ある知り合いの男がいて、建材の商売をやっている。手元のキャッシュフローはずっと好調だった。去年末、人に勧められて倉庫を回すための余ったお金を、海外の“山寨(コピー)コイン”に突っ込んだ。あの頃はプロジェクト側が毎日ライブ配信でエコシステムだの、買い戻し(回購)だのと叫んでいて、彼は聞くほど「チャンスかもしれない」と感じていった。3か月も経たないうちに、帳面上は30万元から200万元弱へ。彼は私たちと食事したときも計算しながら、まず実家の住宅ローンを一括返済して、残りは新しいテレビ用(?)の最新モデルのレクサスに換えるつもりだと言っていた。
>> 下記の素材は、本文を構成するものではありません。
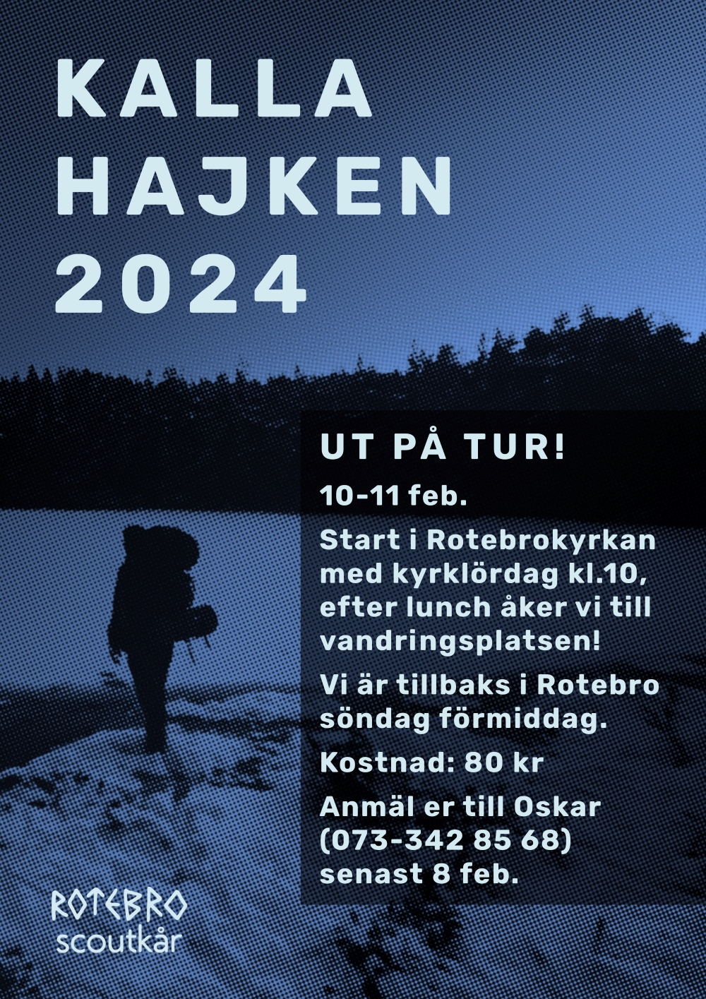 Jonathan Fridstrand Äventyrare 02 februari 2024 02 februari 2024 Träffar: 2742 Kalla hajken 2024 Skriv ut E-post Nästa helg är det dags för hajk! Kårens Äventyrare och Utmanare bjuds in, vi ses! Läs mer: Kalla hajken 2024
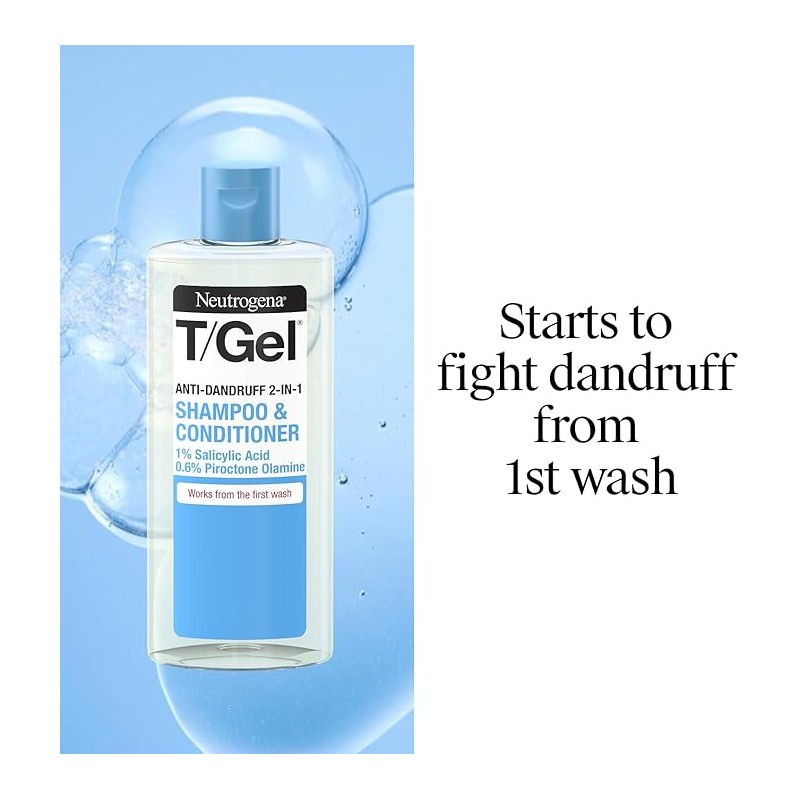 - Product delivery: Neutrogena T/Gel 2 in 1 Anti-Dandruff Shampoo and Conditioner (1x 150ml), dual-action haircare product to help fight dandruff and leave hair soft and shiny in just one step
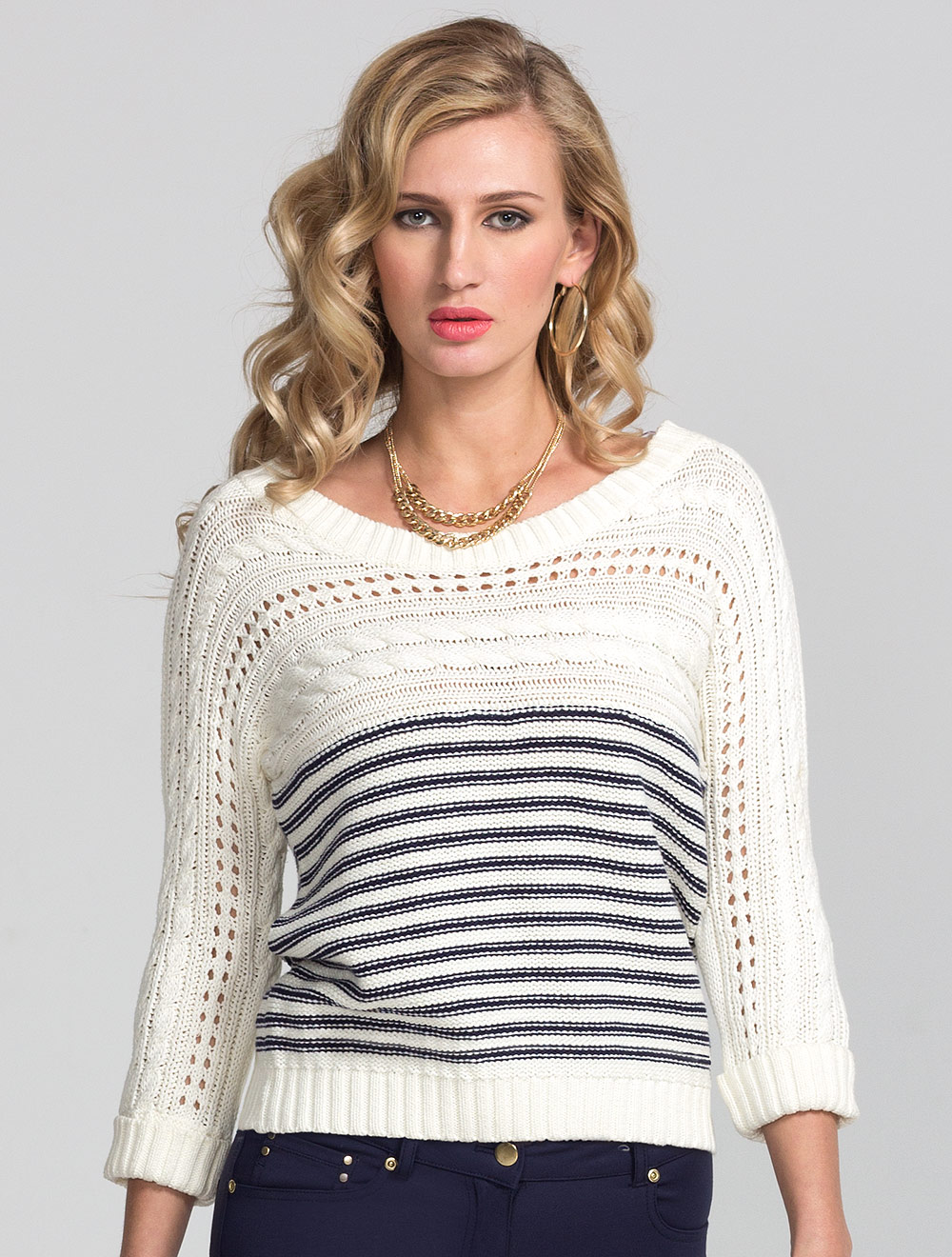 Описание: Крупная и несколько свободная вязка из хлопковой пряжи. Цельнокроеный рукав длиной 3/4. Полосы выглядят особенно эффектно за счет вязки изнанкой на лицевую сторону.
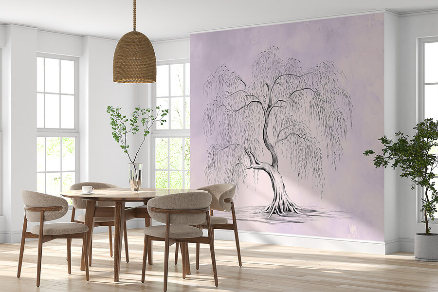 Der weiche, verwaschene Hintergrund mit seinen Lavendel- und Cremetönen sorgt für eine heitere, fast magische Stimmung. Er verwandelt einen Raum sofort in einen beruhigenden Rückzugsort. Können Sie sich vorstellen, jeden Tag mit diesem Bild aufzuwachen? Oder vielleicht in einer gemütlichen Leseecke, wo Sie sich in ein Buch vertiefen können, während der friedliche Baum Ihnen Gesellschaft leistet? Er hat etwas so Erdendes und Beruhigendes an sich.
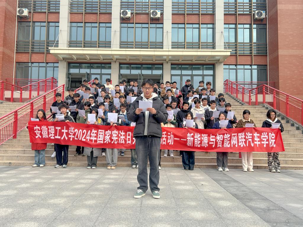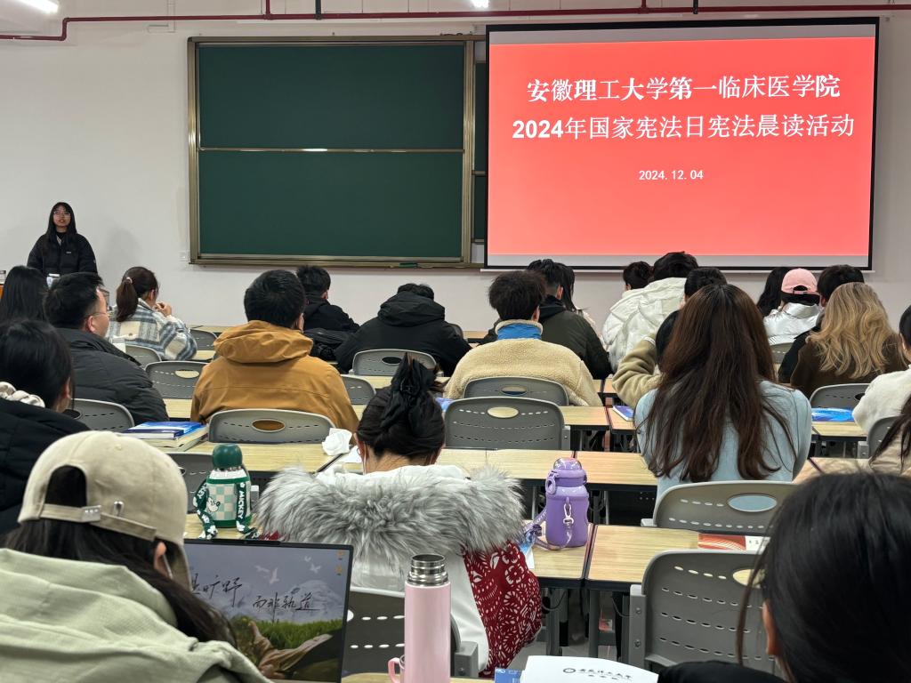 为深入学习贯彻党的二十大精神和党的二十届三中全会精神,贯彻落实习近平法治思想和习近平总书记关于宪法的重要论述,12月4日7时许,学校千余名青年学生代表在学院楼、教学楼、厚德馆等场所开展“宪法晨读”活动,迎接第十一个国家宪法日。
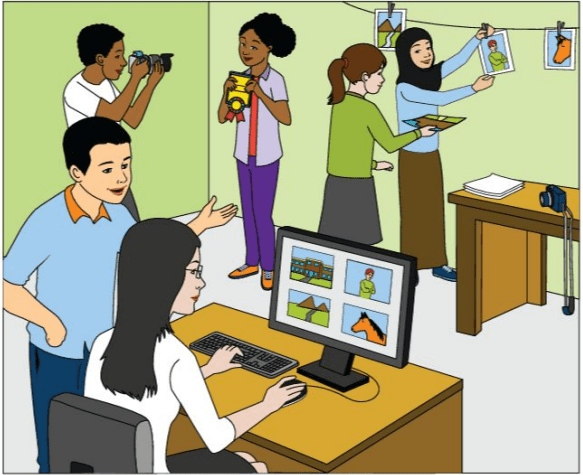 The girl in green is handing a picture over to the girl in blue.
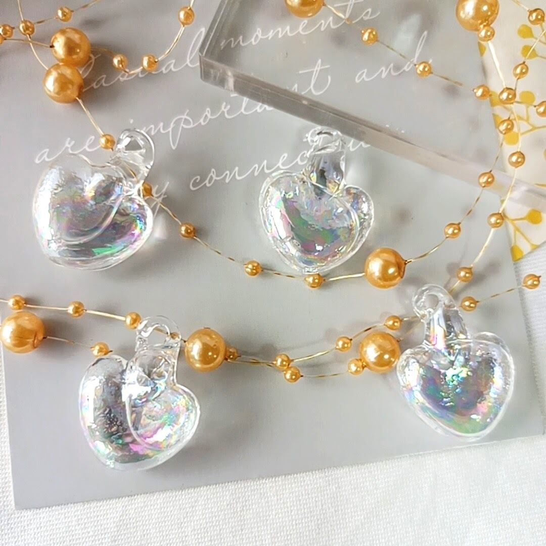 【4個】ハート型 シャボン玉ガラスチャーム オーロラクリア ガラスチャーム アクセサリパーツ ハンドメイド DIY G002
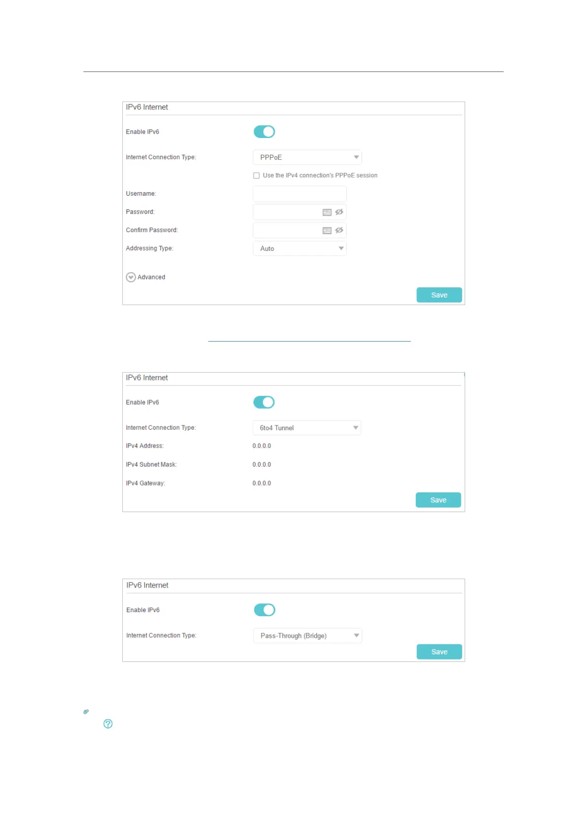 5 ) Pass-Through (Bridge): Select this type if your ISP uses Pass-Through (Bridge)
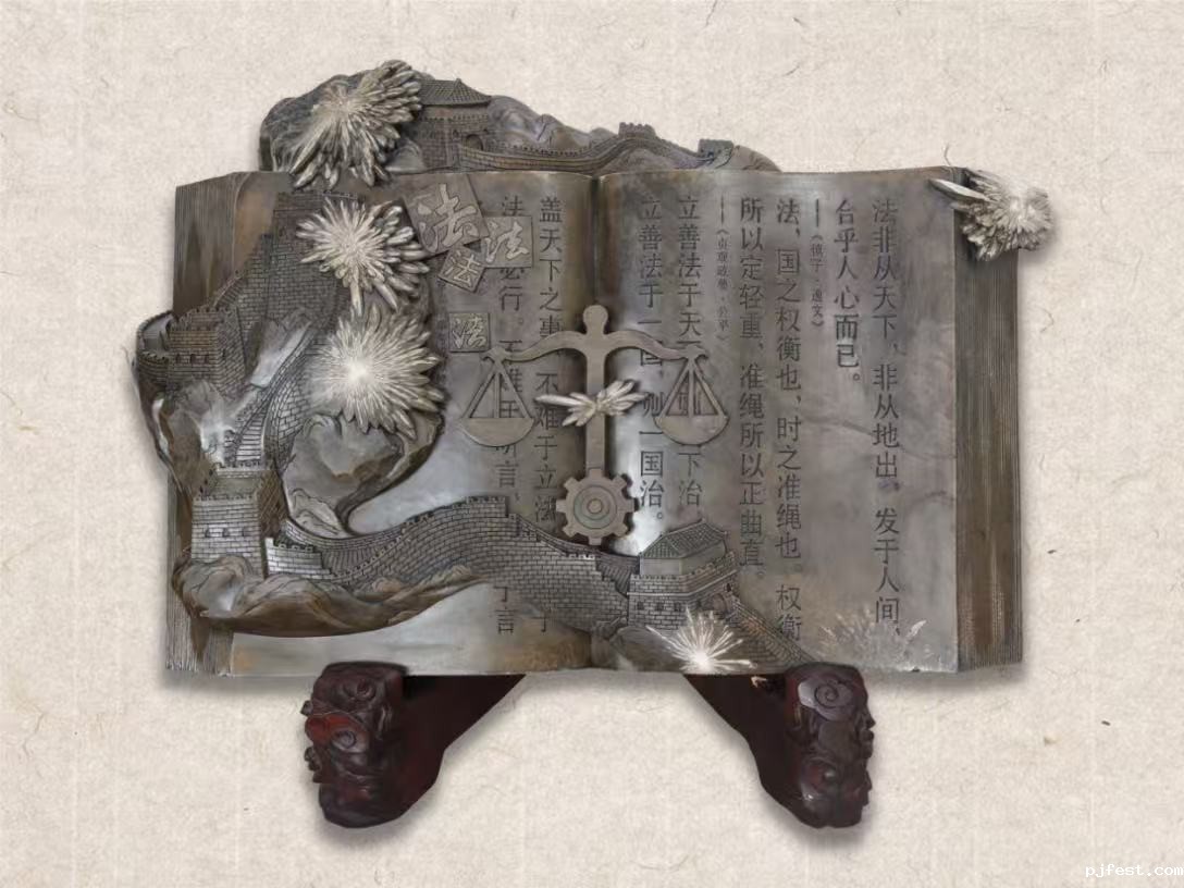 “《法韵菊华》以书本造型为整体设计,象征着法律是维护社会秩序和公正的基石。”浏阳市司法局相关负责人介绍,《法韵菊华》将法律天秤设计于核心位置,石面中心重点雕刻法治名句,左侧蜿蜒的长城象征中国,天然的菊花纹理巧妙地置于法律天秤的中间,寓意着法律与自然、公正、美好的和谐统一。
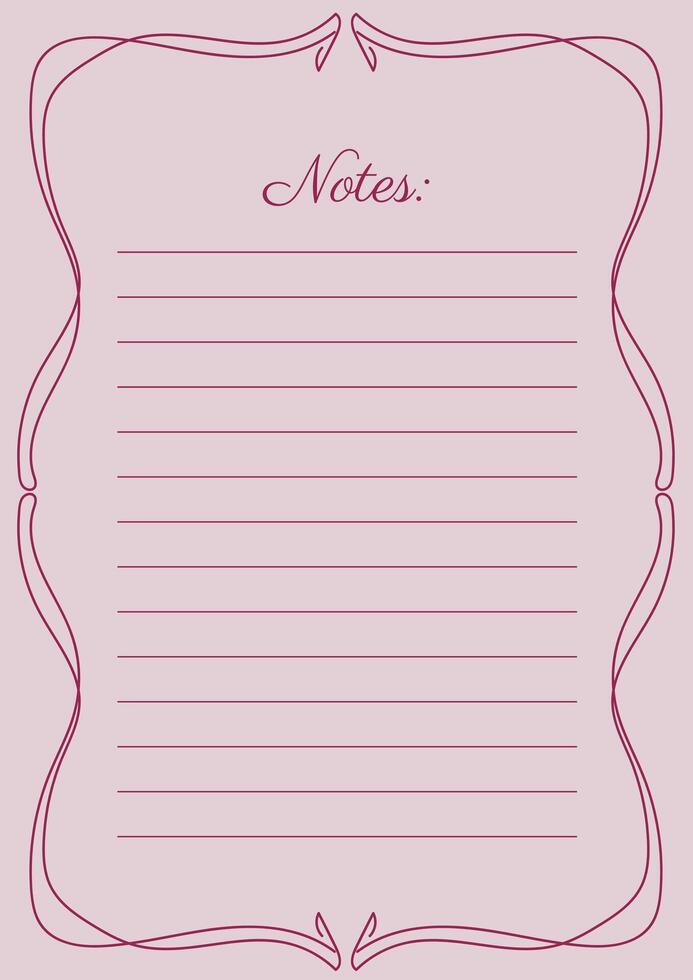 Notes Sheet In Whimsical Retro Coquette Outlined Hand Drawn Doodle Frame Design Pro Vector

ところが先月、プロジェクト側のウォレットが深夜から異常な動きを始めた。チャットで皆が騒ぎ出したときには、価格はすでに小数点以下3桁のところまで落ちていた。彼は逃げようとしたが、オンチェーンの取引は混雑していて、スリッページが大きすぎて注文をそのまま食われた。数時間のうちに、200万元あまりが2万元台前半まで縮んだ。彼は一箱分のタバコを吸い終えながら、私たちに言った。「いちばん皮肉なのは、昔はずっと“百倍コインを逃した連中”を笑っていたのに、今度は自分が百倍の“紙の富(紙面の勝ち)”を抱えたまま、1か月眠ってしまったことだ」

今もスマホには、そのプロジェクトのAPPが入っているが、二度と開いていない。彼は「200万元は、“ホワイトペーパーの空文句を見抜く方法”っていう夜間講座代だと思うことにした」と言った。

あなたにも、「上岸(助かって抜け出す)」まであと送信(エンター)キーひとつ、みたいな瞬間はある?